Container is running beyond memory limits

Thus, it is critical to configure these figures correctly.

YARN related configurations

Documentation about YARN configurations in Hadoop 3.1.0

Refer to the following page about YARN available configuration entries.

https://hadoop.apache.org/docs/r3.1.0/hadoop-yarn/hadoop-yarn-common/yarn-default.xml

Resources related properties

The following are the critical configurations about memory and virtual CPU cores.

Property Name Description
yarn.scheduler.minimum-allocation-mb

The minimum allocation of memory (MBs) for every container request at the Resource Manager.

If a  node manager that is configured to have less memory than this value will be shut down by the resource manager.

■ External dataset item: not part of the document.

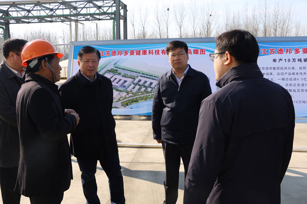 3月8日上午,市委常委、市長方偉攜市委秘書長韓尚富、市發改委、市工信局、市自然資源和規劃局、市生態環境局主要負責人及東海縣領導相關領導一行蒞臨江蘇德邦多菱健康科技有限公司廠區,督查市級重點項目推進工作,并與集團公司董事長趙祥海進行親切交談。在聽取集團公司董事長關于產業布局、項目建設和經營效益等相關情況匯報后,方偉勉勵企業要堅定發展信心、樹立高遠志向,大力推進創業創新,頑強拼搏,不懈努力,推動企業做大做強,力爭項目早日建成投產,為地方經濟發展再做新貢獻。他強調,東海縣相關部門要進一步加大幫扶企業力度,抓緊落實企業相關手續的辦理,推動有關項目早日建成投入運行。同時他也表示,將抓緊推動德邦老廠區地塊的掛牌出讓工作,為德邦的整體搬遷項目建設提供支持。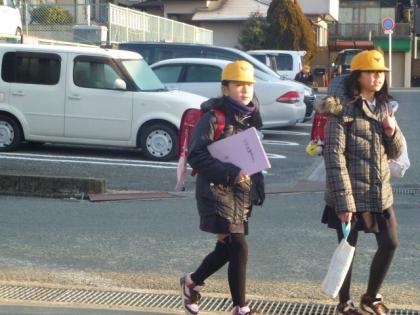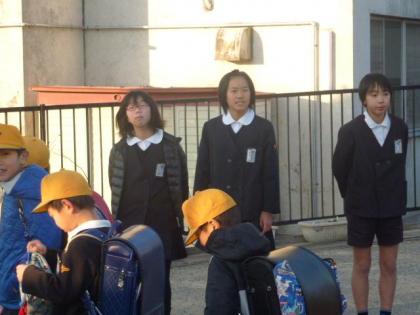 写真上:あいさつ運動ごくろうさま。「おはよう!」

yarn.scheduler.maximum-allocation-mb

The maximum allocation of memory (MBs) for every container request at the Resource Manager.

Memory requests higher than this will throw an InvalidResourceRequestException.

yarn.scheduler.minimum-allocation-vcores

The minimum allocation of virtual CPU cores for every container request at the Resource Manager.

If a node manager that is configured to have fewer virtual cores than this value will be shut down by the resource manager.

yarn.scheduler.maximum-allocation-vcores

The maximum allocation of virtual CPU cores for every container request at the Resource Manager.

Requests higher than this will throw an InvalidResourceRequestException.

yarn.nodemanager.resource.memory-mb

Amount of physical memory (MBs), that can be allocated for containers.

If the value is set to -1 and yarn.nodemanager.resource.detect-hardware-capabilities is true, it is automatically calculated in Windows and Linux.

The default value is 8GB.

yarn.nodemanager.vmem-pmem-ratio

Ratio between virtual memory to physical memory, which will be used to set memory limits for containers.

Container allocations are expressed in terms of physical memory; virtual memory usage is allowed to exceed this allocation by this ratio.

The default value is 2.1.

To summarize, all requests with values less than the minimum values will be set to the minimum values of the properties; others exceptions will be thrown out if the requested values are more than the maximum configured values.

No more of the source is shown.